**Given records**.

-- -- --

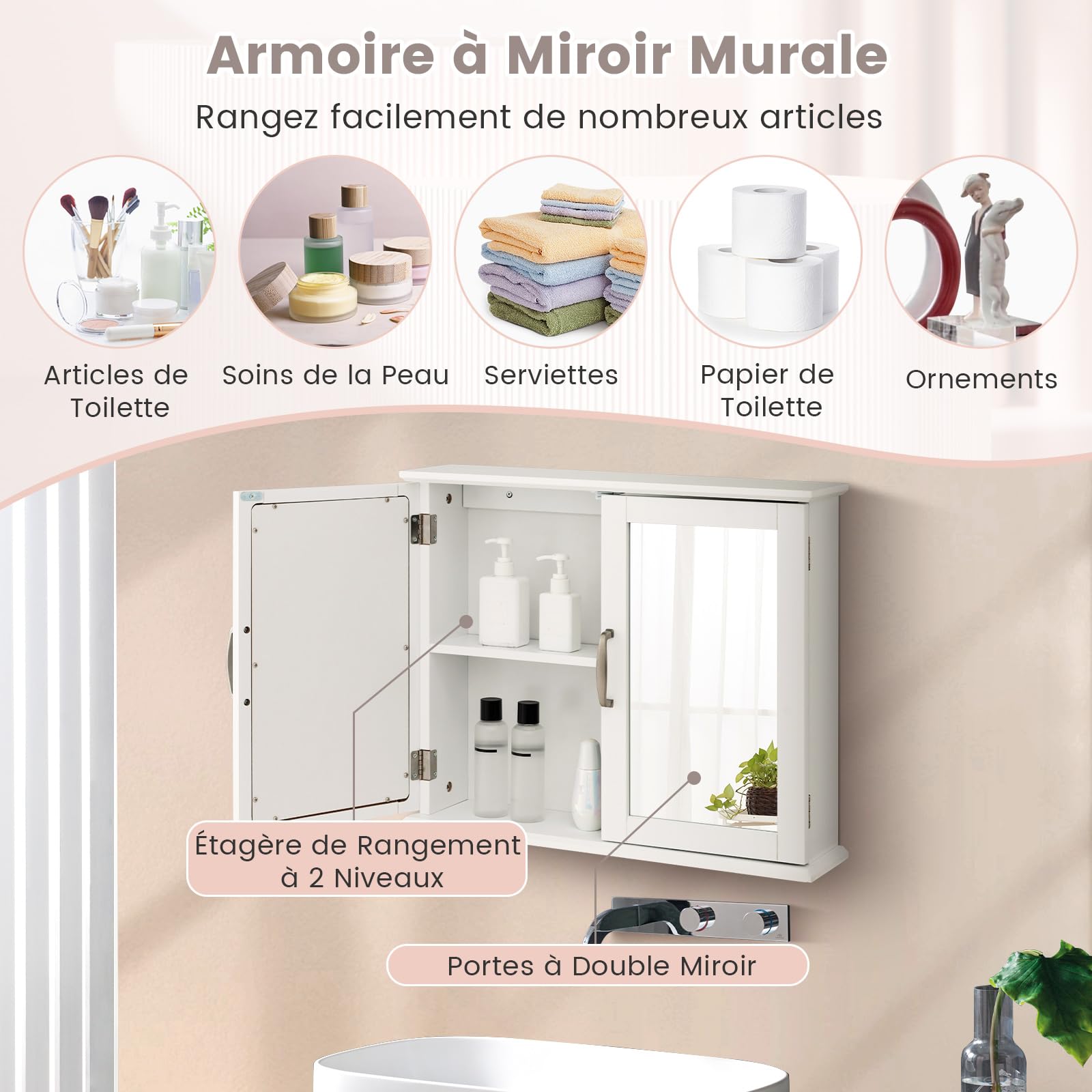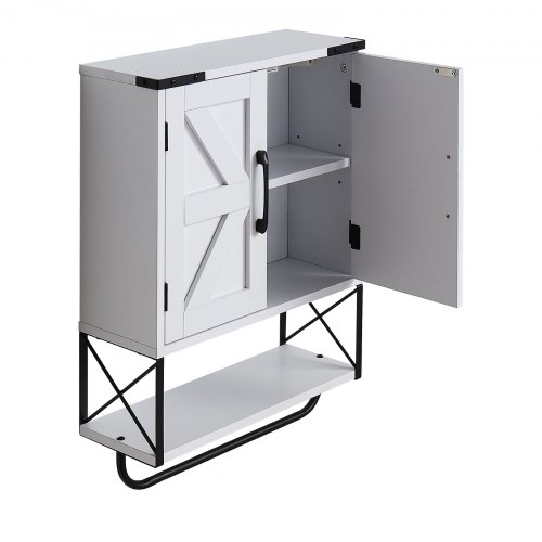 【Construction Fiable】Fabriquée en bois d’ingénierie épais et quincaillerie haut de gamme, cette armoire à pharmacie possède un cadre résiste aux chocs et peut supporter de grosses bouteilles de shampoing sans se déformer Caractéristiques : Étagère réglable en 3 positions adaptée à différentes tailles d’articles Espace ouvert avec étagère spacieuse et barre suspendue pour les routines matinales Armoire bien conçue style ferme s’adaptant à tout thème décoratif Protections d’angle métalliques alliant style et fonction Design portes de grange pour une touche rustique Fermeture magnétique gardant les portes bien fermées Armoire murale peu encombrante adaptée à plusieurs usages Spécifications : Couleur : Blanc Matériaux : Bois d’ingénierie, MDF, métal Dimensions totales : 60,5 x 20 x 72,5 cm (L x l x H) Hauteur réglable de l’étagère : 3 cm Capacité de charge par étage : 30 kg Poids net : 11 kg Contenu de l'emballage : 1 x Armoire murale de salle de bain 1 x Manuel d’utilisateur Armoire Peu Encombrante]Cette armoire murale convient pour les petites salles de bain. Elle associe une étagère ouverte à une barre pour serviettes afin que chaque flacon de médicament, pot de soin, article de toilette et serviette de bain trouve sa place dédiée L’étagère à 2 niveaux à l’intérieur de l’armoire supérieure, l’étagère flottante ouverte et le porte-serviettes en métal inférieur vous offrent un grand espace de rangement 【Étagère Réglable】Ce meuble wc suspendu dispose d’un placard qui comprend une étagère réglable sur 3 positions pour adapter rapidement la hauteur aux bouteilles de bain de grande taille ou aux petits sérums. COSTWAY Armoire suspendue salle de bain, armoire de salle Des fermetures magnétiques maintiennent les portes bien fermées 【Style Ferme Rustique】Les portes de grange rustiques, les charnières métalliques vintage et les protections d’angle décoratives apportent un charme rustique et rendent cette armoire salle de bain une pièce maîtresse fonctionnelle Meuble Rangement étagère Réglable COSTWAY Armoire Murale De Salle De Bains Armoire à Pharmacie Avec 2 Rangement Salle De Bain Barre Serviettes 【Armoire Peu Encombrante】Cette armoire murale convient pour les petites salles de bain. Son design rustique charmeur avec portes de grange et charnières vintage fait plus que ranger : il sublime votre décoration. Que ce soit dans la salle de bain, la buanderie, le salon ou la cuisine, cette armoire polyvalente libère de la place au sol et rehausse n’importe quel intérieur.
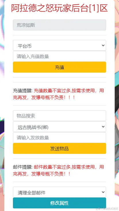 玩家 GM 后台链接:http://ip:81/gmht,授权后就可以登录使用,同样可以充值和发送物品,清理背包等。
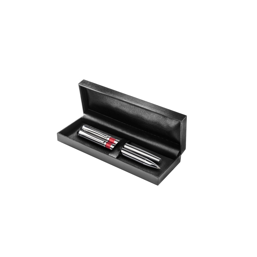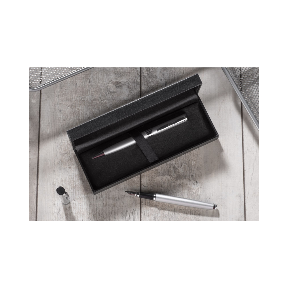 Artikel-Nr: ARD23684Eine elegante Schachtel für zwei Schreibgeräte aus schwarzem Kunststoff mit schwarzem Innenfutter. Ideall für alle Kugelschreibermodelle.
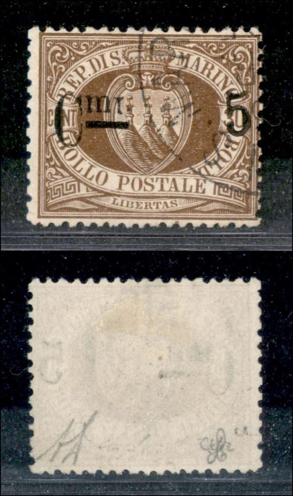 1892 - 5 cent su 30 (9 - varietà) usato - i capovolto - non catalogato - Diena
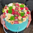 Коробочка с розовыми розами и эвкалиптом
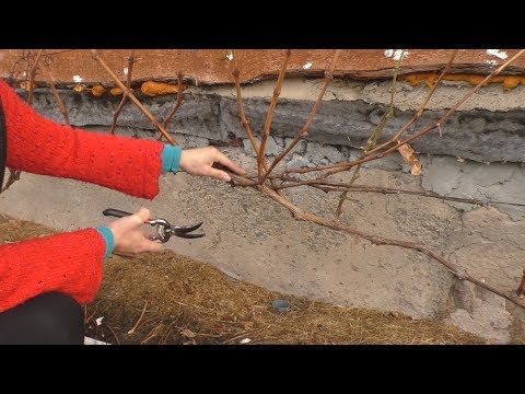 Обрезка Удаляется весь старый прирост, кроме ствола(ов) и новых побегов этого года. Для низкорослых лоз я использую несколько стволов. Новые трости этого года будут в следующем году – годовалыми. Держите больше новых тростей, чем вам нужно — некоторые из них могут погибнуть за зиму. Когда наступит весна, оставьте лучшие побеги, а остальные уберите. Плодоносящие побеги лучше всего растут из однолетних побегов и вообще несут виноград. На этом фото показана разница между однолетними тростями (то, что вам нужно) и более старыми тростями (то, что вам не нужно). Однако вам нужны трости, которые выходят прямо из ствола или из короткого отростка, а не из старых длинных тростей, расположенных далеко от ствола. Возьмите новые трости как можно ближе к стволу и уберите трости, расположенные далеко от ствола. Видео
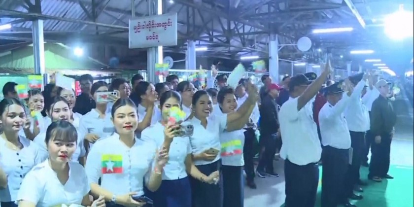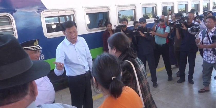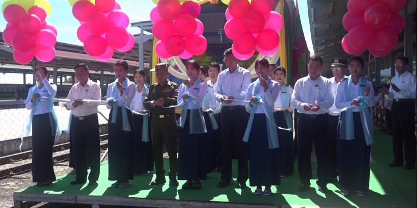 The ceremony took place at Nay Pyi Taw Railway Station, attended by Union Minister for Transport and Communications U Mya Tun Oo, deputy ministers, Nay Pyi Taw Council members, officials, invited guests, and local residents.
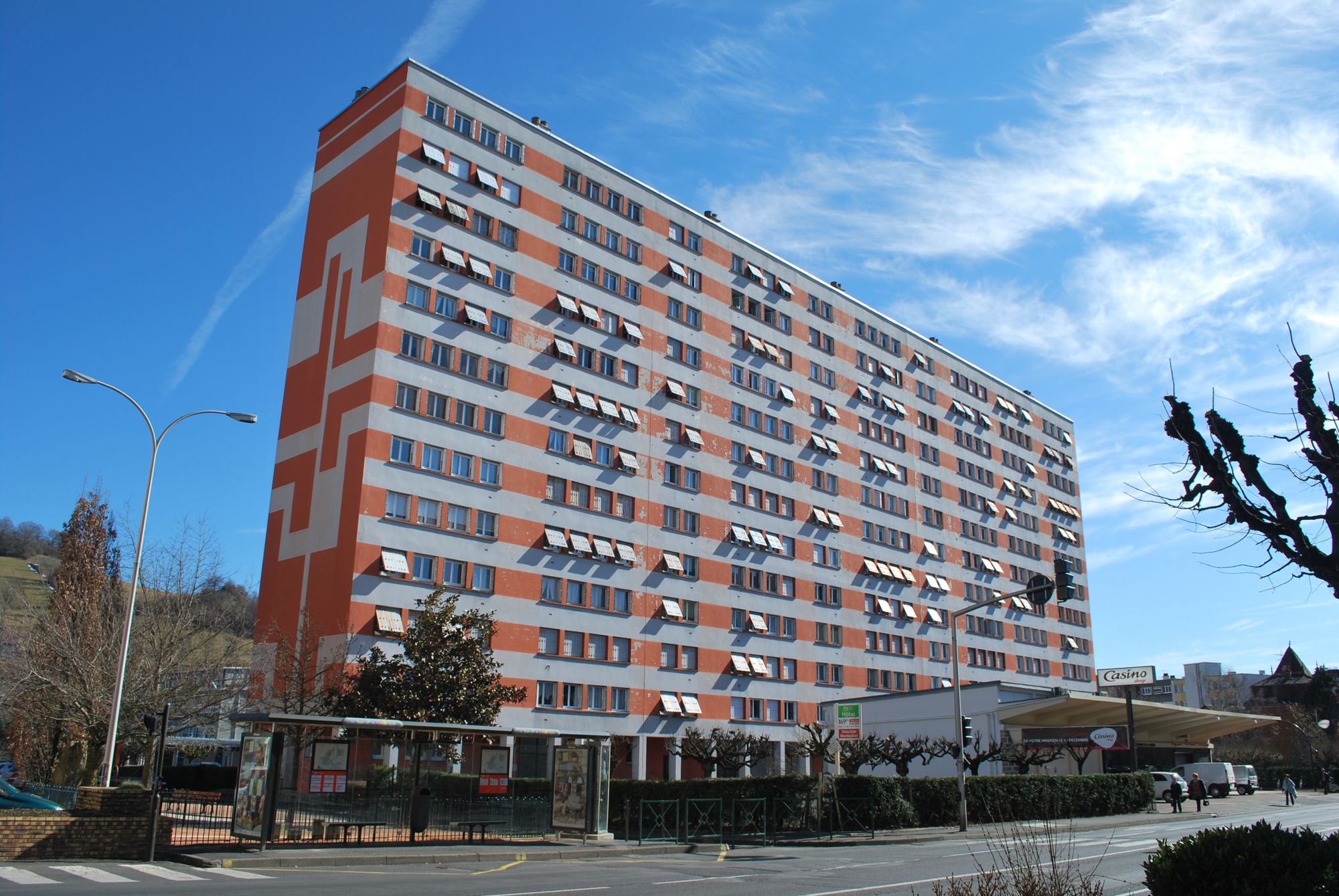 La barre blanche et grise est désormais orange ; la peinture est fraîche et point encore écaillée. Cette couleur, plutôt typique des seventies, a été reprise, au début du XXIe siècle, pour la façade de l’hôtel de ville et celle de l’hôpital.
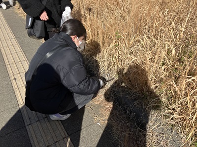 清掃活動では、道沿いや植え込みの中などを中心に、吸い殻やプラスチックごみ、空き缶などを一つひとつ拾い集めました。普段何気なく通っている場所でも、目を向けてみるとさまざまなごみが落ちていることに気づき、生徒たちは互いに声を掛け合いながら丁寧に清掃を進めていました。
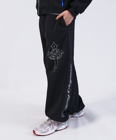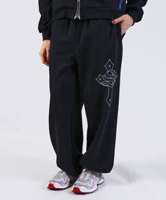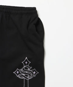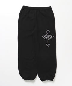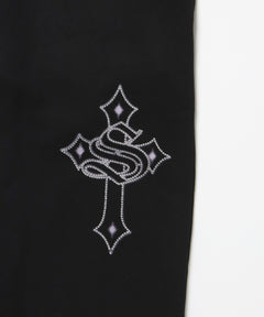 CROSS RHINE STONE SWEAT PANTS / ラインストーン クロス スウェットパンツ ドローコード 裏起毛 【セットアップ】 ブラック
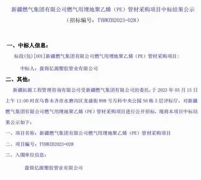 【熱烈慶祝億源管業(yè)成功中標《新疆燃氣集團有限公司燃氣用埋地聚乙烯(PE)管材采購項目》】

-- -- --

**Exercise objective**. Above are the records; copy from them only the lines starting at the one containing "The ceremony took" and ending at the one containing "清掃活動では、道沿いや植え込", exactly and without pictures.

**Your response**.
 The ceremony took place at Nay Pyi Taw Railway Station, attended by Union Minister for Transport and Communications U Mya Tun Oo, deputy ministers, Nay Pyi Taw Council members, officials, invited guests, and local residents.
 La barre blanche et grise est désormais orange ; la peinture est fraîche et point encore écaillée. Cette couleur, plutôt typique des seventies, a été reprise, au début du XXIe siècle, pour la façade de l’hôtel de ville et celle de l’hôpital.
 清掃活動では、道沿いや植え込みの中などを中心に、吸い殻やプラスチックごみ、空き缶などを一つひとつ拾い集めました。普段何気なく通っている場所でも、目を向けてみるとさまざまなごみが落ちていることに気づき、生徒たちは互いに声を掛け合いながら丁寧に清掃を進めていました。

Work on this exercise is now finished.